2023-07-15
One of my proudest accomplishments from the past year is coding this website with the help of GPT.
When I first built the site, I wasn't sure I was going to finish it and GPT didn't have sharing features, so then I was done and I couldn't share with others what it was like, but it was really impactful for me. This skill that had always been outside of my grasp was now something I could do... and what did that mean for other skills?
Since finishing the site's MVP, I've periodically made changes, but haven't put all the effort into sharing them. I'm going to try and do more of that though, in part because ChatGPT's sharing features make it so easy to do.
So with that prologue, here's my first change log post: images are now responsive on the site. This was annoying me for a while and I'm glad I took the 15 minutes to fix it.
Here's how things looked before:

And here's how things look after:

You can see how I did it here
2023-07-12
Just to give you a sense, the mortality rate for something like cardiac arrest or a heart attack goes up by about 15 to 20% on the day of a marathon. Now, most people are not having cardiac arrest or a heart attack, so the aggregate impact on a city might be limited. But I think if I were to talk to people about the Boston Marathon bombings, most people would say that was a horrific event. But more people die because of marathon-associated road closures every year in a given city with a large marathon than died in the Boston Marathon bombings. But the bombings, what they did are so salient to us. Deaths in these other channels, we don’t even think about that.
That is from David Epstein's newsletter Range Widely. The cause is that the closure of roads along the marathon route makes it difficult to get to hospitals quickly.
An idle thought: I wonder if the same holds true for cardiac arrests during rush hour traffic?
2023-07-11
One of my favorite stories of the year. From Vice:
Comparatively, according to a representative from the Royal Thai Embassy in DC, there are just 300,000 Thai-Americans—less than 1 percent the size of the the Mexican-American population. Yet there are an estimated 5,342 Thai restaurants in the United States, compared to around 54,000 Mexican restaurants; that’s ten times the population-to-restaurant ratio. So, why are there so many Thai restaurants in the US?

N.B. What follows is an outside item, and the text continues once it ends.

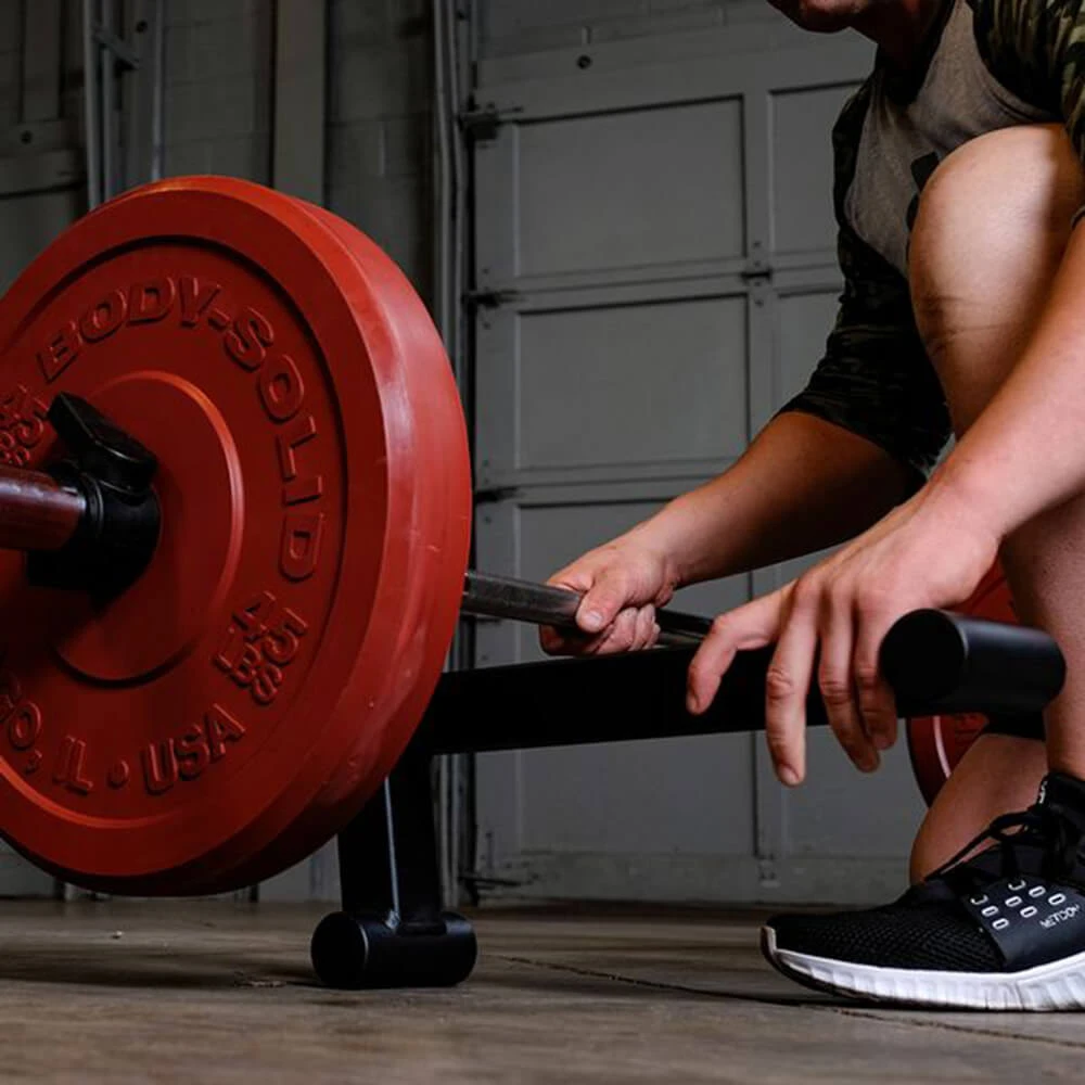 The Body-Solid Tools BSTOBJ Oly Bar Jack allows users to elevate their Olympic barbells efficiently and easily for safe and simple weight plate loading and unloading. The Body-Solid Tools Oly Bar Jack is great for swapping out weight plates during deadlifts and other heavy floor-starting lifts. The Oly Bar Jack can be used as a single to elevate one side of the bar or combine two BSTOBJ Oly Bar Jacks to elevate the entire Olympic bar. Constructed with 11-gauge steel and heavy-duty plastic coating to protect bars and offer peak durability.
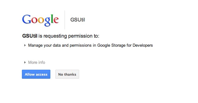 $ dart/third_party/gsutil/20110627/gsutil config This script will create a boto config file at /Users/administrator/.boto containing your credentials, based on your responses to the following questions. Please navigate your browser to the following URL: https://accounts.google.com/o/oauth2/auth?scope=https%3A%2F%2Fwww...(略) In your browser you should see a page that requests you to authorize gsutil to access Google Storage on your behalf. After you approve, an authorization code will be displayed. Enter the authorization code:

The Thai government has created a company, the Global Thai Restaurant Company, to make it easier to start and run Thai restaurants. If I understand correctly, they aren't quite franchised (as in sharing a brand name), but effectively provide a pre-planned out restaurant. More from the article:
The Ministry of Commerce’s Department of Export Promotion, most likely run by bureaucrats rather than restaurateurs, drew up prototypes for three different “master restaurants,” which investors could choose as a sort of prefabricated restaurant plan, from aesthetic to menu offerings. Elephant Jump would be the fast casual option, at $5 to $15 per person; Cool Basil would be the mid-priced option at $15 to $25 a head; and the Golden Leaf prototype would cost diners $25 to $30, with décor featuring “authentic Thai fabrics and objets d’art.”
Why go to the trouble? To increase exports and travel to Thailand through gastrodiplomacy.
2023-07-05
Truly incredible statistic from the Nation on Meta's Metaverse, Horizon Worlds:
Metaverse platform, had only 38 active daily users. The Guardian reported that the monetized content ecosystem in Meta’s flagship product Horizon Worlds produced no more than $470 in revenue globally. Thirty-eight active users. Four hundred and seventy dollars.
I don't consider this to be a definitive statement on the concept of the metaverse, but wow are those numbers small. Found via The Browser.